Corresponding Author: Jaeyoung Choi* , choi@ssu.ac.kr
Debbie Honghee Ko*, School of Computer Science and Engineering, Soongsil University, Seoul, Korea, debbie.pust@gmail.com
Ammar Ul Hassan*, School of Computer Science and Engineering, Soongsil University, Seoul, Korea, ammar.instantsoft@gmail.com
Saima Majeed*, School of Computer Science and Engineering, Soongsil University, Seoul, Korea, saimamajeed089@gmail.com
Jaeyoung Choi*, School of Computer Science and Engineering, Soongsil University, Seoul, Korea, choi@ssu.ac.kr
Received: July 14 2020
Revision received: September 4 2020
Revision received: October 21 2020
Accepted: November 8 2020
Published (Print): February 28 2021
Published (Electronic): February 28 2021
1. Introduction
Skeletonization (also termed as thinning) is a widely used technique for extracting the skeleton of an object by reducing its dimensionality. A skeleton is a compressed and simple, yet a highly effective representation of 2D (even 3D) objects. Skeletonization reduces a binary image to a one-pixel-width representation, and is important in image processing and computer vision, such as in face or fingerprint recognition [1], detection of specular tumors on mammograms or blood vessels [2], natural street-object recognition [3], text identification [4,5], and human action recognition [6].

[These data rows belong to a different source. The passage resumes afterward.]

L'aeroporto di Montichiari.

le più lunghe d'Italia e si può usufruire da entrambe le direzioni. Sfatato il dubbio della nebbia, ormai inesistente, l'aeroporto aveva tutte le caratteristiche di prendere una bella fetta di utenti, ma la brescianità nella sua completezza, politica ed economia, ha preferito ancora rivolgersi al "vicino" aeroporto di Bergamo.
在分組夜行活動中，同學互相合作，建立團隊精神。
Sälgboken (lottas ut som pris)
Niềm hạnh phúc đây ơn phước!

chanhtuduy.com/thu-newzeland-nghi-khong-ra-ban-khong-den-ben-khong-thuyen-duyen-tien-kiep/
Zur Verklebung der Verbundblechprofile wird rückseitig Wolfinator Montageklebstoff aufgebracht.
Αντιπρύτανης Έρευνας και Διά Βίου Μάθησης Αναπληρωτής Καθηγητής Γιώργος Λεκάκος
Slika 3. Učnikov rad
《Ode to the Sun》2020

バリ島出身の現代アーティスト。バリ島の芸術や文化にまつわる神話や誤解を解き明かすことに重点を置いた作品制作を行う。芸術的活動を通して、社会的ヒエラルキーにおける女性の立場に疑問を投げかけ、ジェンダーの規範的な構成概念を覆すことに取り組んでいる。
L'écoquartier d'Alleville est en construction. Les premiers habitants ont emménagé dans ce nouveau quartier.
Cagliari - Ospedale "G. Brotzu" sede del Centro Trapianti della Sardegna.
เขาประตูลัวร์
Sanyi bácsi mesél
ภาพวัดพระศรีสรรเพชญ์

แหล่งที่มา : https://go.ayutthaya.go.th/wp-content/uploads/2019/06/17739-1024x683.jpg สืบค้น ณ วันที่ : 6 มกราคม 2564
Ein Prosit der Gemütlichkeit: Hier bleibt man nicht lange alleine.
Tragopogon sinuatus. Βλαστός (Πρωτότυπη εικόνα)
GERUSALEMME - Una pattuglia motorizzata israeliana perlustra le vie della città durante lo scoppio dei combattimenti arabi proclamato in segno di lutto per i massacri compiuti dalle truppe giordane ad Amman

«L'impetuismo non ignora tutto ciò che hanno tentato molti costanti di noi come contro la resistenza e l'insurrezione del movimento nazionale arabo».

Several skeletonization algorithms have been proposed. They are primarily categorized into two classes: iterative and non-iterative. In the former, skeletons are generated by examining and deleting the contour pixels in a repetitive manner either sequentially or in parallel, whereas in the latter, skeletons are obtained in a non-repetitive manner, that is, not all pixels are examined. Some of the most commonly used skeleton extraction techniques include morphological thinning [7], geometric methods based on Voronoi diagrams [8], and methods based on distance transformations, in which the goal is to extract the skeleton using a non-pixel-based approach in order to reduce the time complexity [9]. A detailed survey on skeletonization methods is provided in [10].
Font character skeletonization is also a challenging problem where each character has its own delicate structure and style. Furthermore, the Chinese, Japanese, and Korean (CJK) based languages which consist of a large number of characters with complex structures and shapes make this skeletonization task even more challenging. Most of these mathematical methods [11-13] can be used for skeleton generation of text-images, however, these approaches may result in disjointedness. Furthermore, they may attach complicated elements and generate serious artifacts as well as non-realistic images. Even though some of these issues are acceptable, the handling of delicate aspects, such as special stokes/slant/serif details, is an issue and requires post-processing techniques for pruning these artifacts [10,14].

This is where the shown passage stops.